Vivien Hamilton, curator specialized in 19th-century art, will show us round. There is a large collection of Hague School paintings and a very fine collection of Netherlandish decorative arts from the 14th to the 19th centuries.

Hunterian Museum
University of Glasgow,
Glasgow G12 8QQ
T +44 141 330 4221
F +44 141 330 3617
W http://www.hunterian.gla.ac.uk/

The deputy director, Mungo Campbell, will welcome us. Among the Dutch paintings are Rembrandt’s oil sketch for The entombment of Christ and a landscape by Philips Koninck. The museum is planning on putting on a related display of drawings for us. (The printroom curator, Peter Black, speaks fluent Dutch.)

The Museum at Kelvingrove (1901):
Kelvingrove
Glasgow G3 8AG
T +44 141 287 2699
F +44 141 287 2090

Currently undergoing renovation so we will have to review what may be accessible.
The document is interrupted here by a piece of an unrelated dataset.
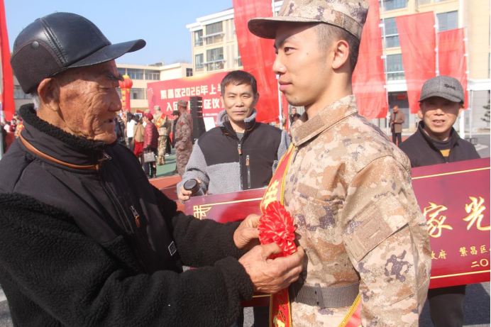俞时金老人站在新兵队伍旁,伸手轻轻抚摸着孙子俞淏胸前的大红花。老人是九连村九连麒麟灯会的省级非遗传承人,平时热心公益,为家乡乡村振兴出了不少力。今天,他的身份是送孙参军的爷爷。队伍即将出发,老人没多说,只是拍了拍孙子的肩膀。俞淏挺直腰板,朝爷爷点点头。这一送,是把自家的孩子交给国家。

However, a Lottery funded program of research specifically on the Dutch and Flemish paintings in the museum is currently underway, headed by Liz Hancock, aided by Emma Hermans, and it may be possible to hear about this project and see some of the works involved.

14:30 Departure for Edinburgh airport.
17:55 British Midlands flight BD649 to Brussels.
20:35 Arrival in Brussels Airport.

CONSULT THE WEBSITES IN THE PROGRAM, SOME OF WHICH, SUCH AS THAT OF THE NATIONAL GALLERIES OF SCOTLAND, ARE EXTREMELY INFORMATIVE.